If you missed this week’s episode of “The Daily Show,” Jon Stewart kicked things off with a moment that felt almost too surreal to be real. He went after Donald Trump for accepting FIFA’s brand-new Peace Prize, all while the US is cranking up military pressure on Venezuela. Stewart didn’t tiptoe around it either. He treated the whole thing like an absurd contradiction playing out in plain sight.
Stewart started by walking viewers through last Friday’s World Cup draw. For most people, the draw is just about figuring out which countries will face each other in the opening round. But Stewart pointed out that the smaller storyline of “who will get stuck in the group of death” wasn’t even the biggest question of the night. Instead, he joked, the real suspense was “who would win FIFA’s first Peace Prize?”
He played the moment straight for a beat, pretending to take FIFA seriously. “Because when I think of one sport that fosters peaceful coexistence, it’s the beautiful game,” he joked. Then he rolled the clip of FIFA president Gianni Infantino naming Trump as the inaugural recipient.
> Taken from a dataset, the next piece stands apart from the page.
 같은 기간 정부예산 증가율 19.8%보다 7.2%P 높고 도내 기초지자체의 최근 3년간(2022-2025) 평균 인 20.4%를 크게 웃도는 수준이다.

Stewart acted stunned, shouting “Oh, my god! Oh, my god! Oh, my god!” before calling it “the prize specifically created to appease him! The FIFA appease-prize!” The audience roared, but Stewart wasn’t finished. Later in the show, he topped it with one of his sharpest lines of the night. “The craziest part wasn’t necessarily Donald Trump being awarded an entirely fictitious golden butt plug,” he said, making it clear how ridiculous he thought the whole setup was. “It was the cognitive dissonance of flipping over to the news channels, post-peace ceremony.”
He then cut to a string of clips warning that the United States is “on the brink of war with Venezuela,” with Trump “ramping up the pressure” on Venezuelan leader Nicolas Maduro. Stewart looked genuinely baffled as he asked, “The brink of war? President Trump, did this meaningless award mean nothing to you?”
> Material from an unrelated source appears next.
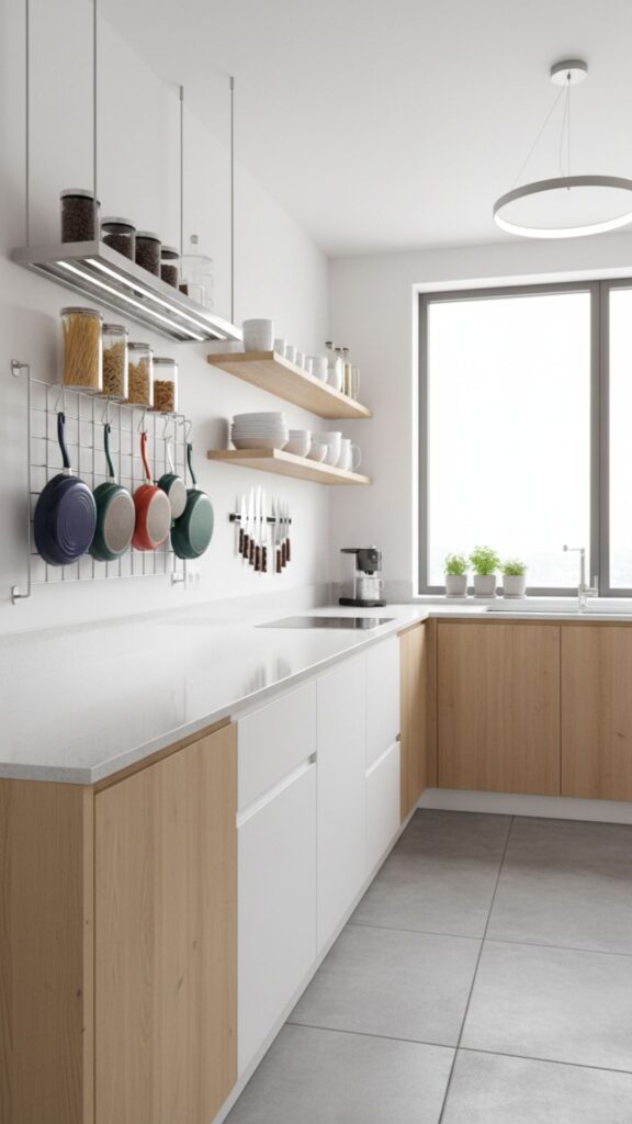 When you can’t build out, build up. Wall-mounted racks for pots, pans, and utensils free up precious cabinet space and keep essential tools within arm’s reach.

To underline his point, he ran more soundbites describing how the Pentagon is “surging battleships towards the coast of Venezuela,” and how the operation amounts to “the largest U.S. show of force in the Caribbean in decades.” Stewart, being Stewart, couldn’t resist turning it into one more punch line. “Not including, of course, your friend Stephanie’s destination bachelorette party. That is the largest show of force,” he joked, getting one last laugh from the crowd.
The entire segment worked because the contrast really was that stark. On one channel, Trump was accepting an award meant to symbolize peace. On another, analysts were warning about war drums beating in the Caribbean. Stewart simply connected the dots and added his trademark sarcasm to highlight how strange the moment felt.